Suitable feeding means, such as, for example, a feeding tube for feeding a piece of citrus fruit to the pressing chamber through the opening in the pressing element, may be arranged at a level above the pressing chamber so that supply of pieces of citrus fruit can simply take place under the influence of gravity. With a rotatable arrangement of the pressing element, it is possible to have a first position of the pressing element in which the opening is at the end of the feeding means, so that a piece of citrus fruit is allowed to fall into the pressing chamber, and a second position of the pressing element in which the opening is at a bottom side, so that a piece of citrus fruit which has been subjected to a pressing action is allowed to exit the pressing chamber under the influence of gravity. Optionally, it is also possible to rotate the pressing element along a short angular distance after a piece of citrus fruit to be pressed has been supplied to the pressing chamber, in order to prevent another piece of citrus fruit from passing through the opening and entering the pressing chamber as well. Another option is to have separate means at the opening for blocking and unblocking the opening.
In case the citrus fruit pressing device according to the present invention is equipped with a rotatably arranged pressing element as mentioned, it is preferred to have separate driving means for engaging with the pressing element and rotating the pressing element when being activated.
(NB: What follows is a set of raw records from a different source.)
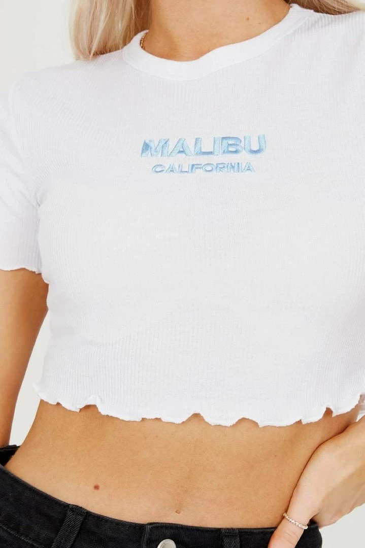 Every wardrobe needs its basics and this embroidered tee is an essential this season. Featuring a black ribbed fabric, short sleeves, Malibu embroidery and cropped fit, team it with black denim to complete this look.
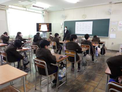 2月6日(月)天下茶屋小学校、橘小学校の6年生のみなさんに来ていただき児童見学交流会を行いました。数学、音楽、理科の様子です。
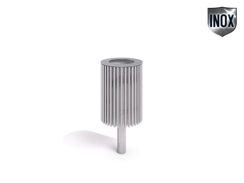 Papperskorg rostfritt stål 05 för park- och stadsmiljö med hållbar konstruktion, funktionell design och låg skötselnivå i daglig drift. Material: rostfritt stål.
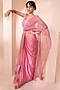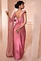 Featuring a blush pink draped saree in satin base with applique hand embroidery. It is paired with a matching blouse.
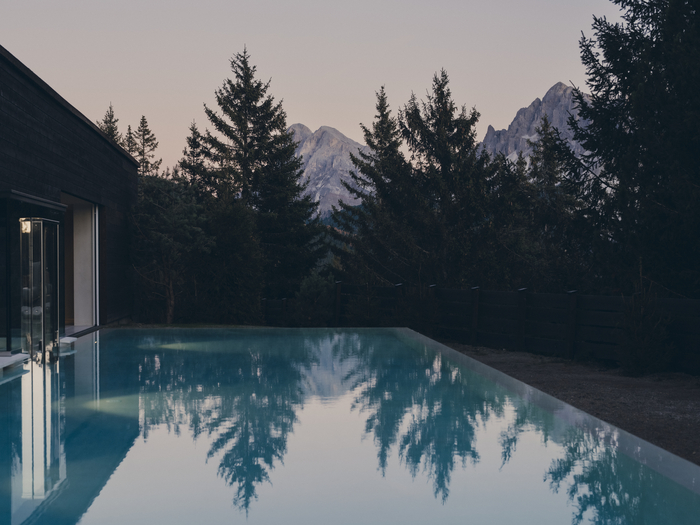 수영장 / 사진=포레스티스 빌라 해발 1800m 돌로미티 산맥 한가운데 포레스티스 빌라(Forestis Villa)가 자리한다. 물,공기,태양,기후 등 네 가지 자연 요소를 중심으로 설계한 웰니스 리조트로 유네스코 세계유산으로 지정된 돌로미티의 풍광을 품었다.

These separate driving means may comprise a low power electromotor, as hardly any force is involved in rotating the pressing element compared to the forces needed in a pressing action. Hence, costs of the separate driving means can be relatively low.
In order to promote discharge of juice from the pressing chamber, it is advantageous if a surface of the pressing chamber which is at a side of the pressing chamber which is a bottom side in an operational orientation of the device has an inclined orientation with respect to the horizontal in the operational orientation of the device. In that case, the juice automatically flows to a defined location of the pressing chamber under the influence of gravity. Needless to say that it is most practical for the pressing chamber to be provided with a discharge opening at that location.
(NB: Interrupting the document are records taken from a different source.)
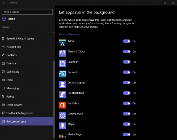Để vô hiệu hóa tính năng này, bạn vào Settings => Privacy => Background apps và tắt từng ứng dụng một.
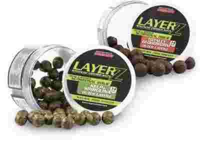 Hookbaits Layerz składa się z dwóch warstw o różnym zachowaniu w wodzie.Pierwsza warstwa zewnętrzna tworzy atrakcyjny bodziec-chmurę drobnych cząstek glonów i spiruliny.Druga wewnętrzna warstwa działa, jako klasyczna kulka proteinowa, która pozostaje na haku. Hookbaits Layerz Kelp oraz Spirulina posiada wysoką wartość odżywczą z bogatych substancji naturalnych minerałów i aminokwasów, które mają znaczący udział w dobrze reprezentujących się obu warstwach.
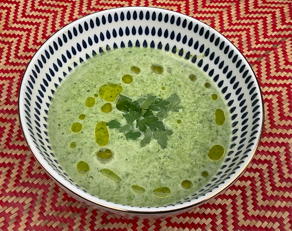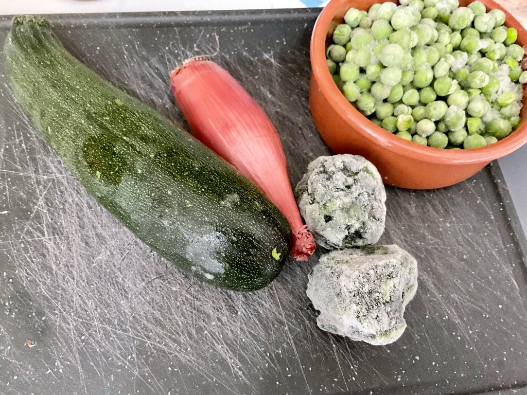 So I had a lonely courgette in the fridge and the temperature is getting cooler now so I decided to go for soup as I always have frozen spinach and peas so decided to chuck them in with the courgette. This was fresh and very quick to make and of course Uber healthy.
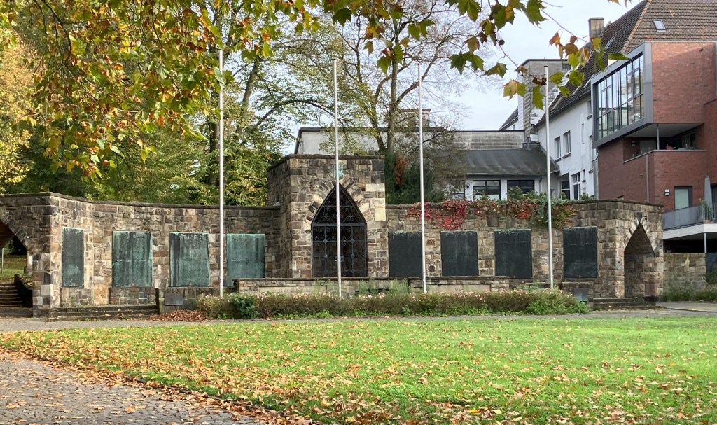 Granitblokkene sender et signal om klippe og noget, som er urokkeligt, blivende. I murens ender er der er porte med indgang til en park bagved, en tidligere kirkegård, og i midten et kapellignende rum med gitter foran og en indskrift med en dedikation til byens ’faldne sønner’ på bagmuren. ’Kapellet’ og portene har spidse buer. I den vestlige ende står et større krucifiks med den korsfæstede Jesus og Maria og Johannes ved siderne (ses ikke på foto 3). På murene er der anbragt otte store støbejernsplader med navne på 2260 faldne fra første verdenskrig samt nogle faldne i forbindelse med uroligheder i 1920 (Ruhropstanden) og 1923-24 (kampe mod Frankrig).

In order to limit the extent to which the peel of a piece of citrus fruit is deformed during a pressing action, one exemplary embodiment includes pressing surfaces that have complementary curved shapes. Advantageously, one of the pressing surfaces has a generally concave shape, whereas another of the pressing surfaces has a generally convex shape. The shapes of the pressing surfaces are another factor in avoiding ripping of the peel of a piece of citrus fruit during a pressing action.
In one embodiment, the device includes one pressing surface with a generally convex shape as mentioned and a concave central portion, and includes another pressing surface with a generally concave shape as mentioned and a convex central portion. In this way, the curvature of the surfaces is flipped in the center, which helps in preventing thick peels from ripping, as a large curve length difference between two sides of a piece of citrus fruit to be pressed is prevented.
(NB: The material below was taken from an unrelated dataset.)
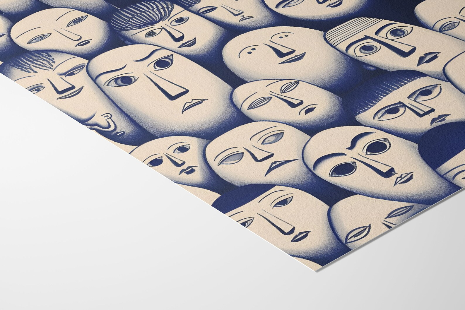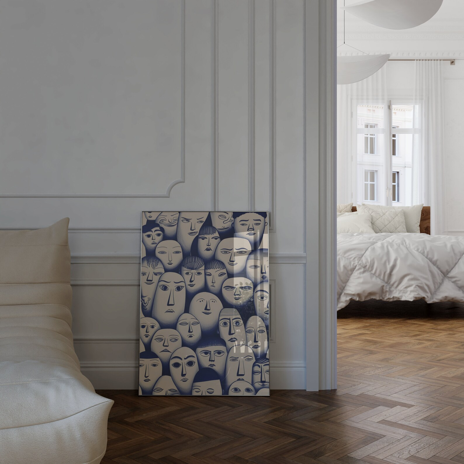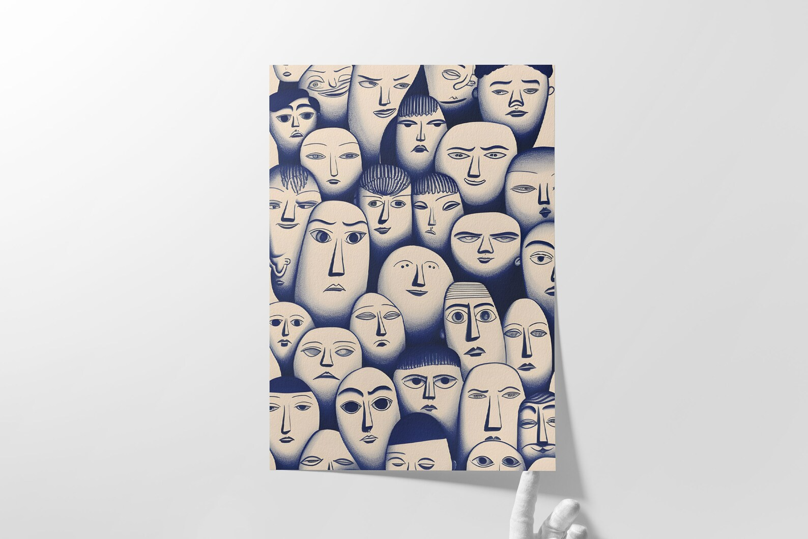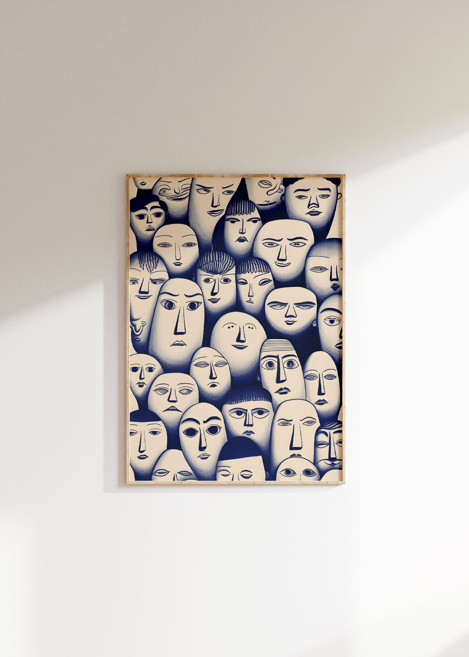 Everybody’s Watching is your walls’ new gallery of glares, side-eyes, and blank stares. A hypnotic crowd of characters in inky blue, each one with their own personality, and none of them blinking. This print is part social experiment, part visual noise, part unexpected therapy session. It’s intense, it’s moody, and somehow it’s also hilarious. Try not to project.

In accordance with other exemplary aspects of the invention, the extraction of juice can be further improved in a variety of ways, while at the same time reducing oils released by the peel that can taint the taste of the juice. For example, according to one aspect, one or more knives employed to cut into the peel can include a curved edge. The edge can include a first edge portion that is substantially parallel to an axis along which the pressing elements move and a second edge portion that is substantially perpendicular to the axis. The use of the curved edge can cut relatively deep and reduce tearing of the peel. In particular, when a plurality of knives are used, the curved edges can flatten a piece of the peel between the knives and enable the periphery of the peel to expand out smoothly, thereby reducing the incidence of tearing.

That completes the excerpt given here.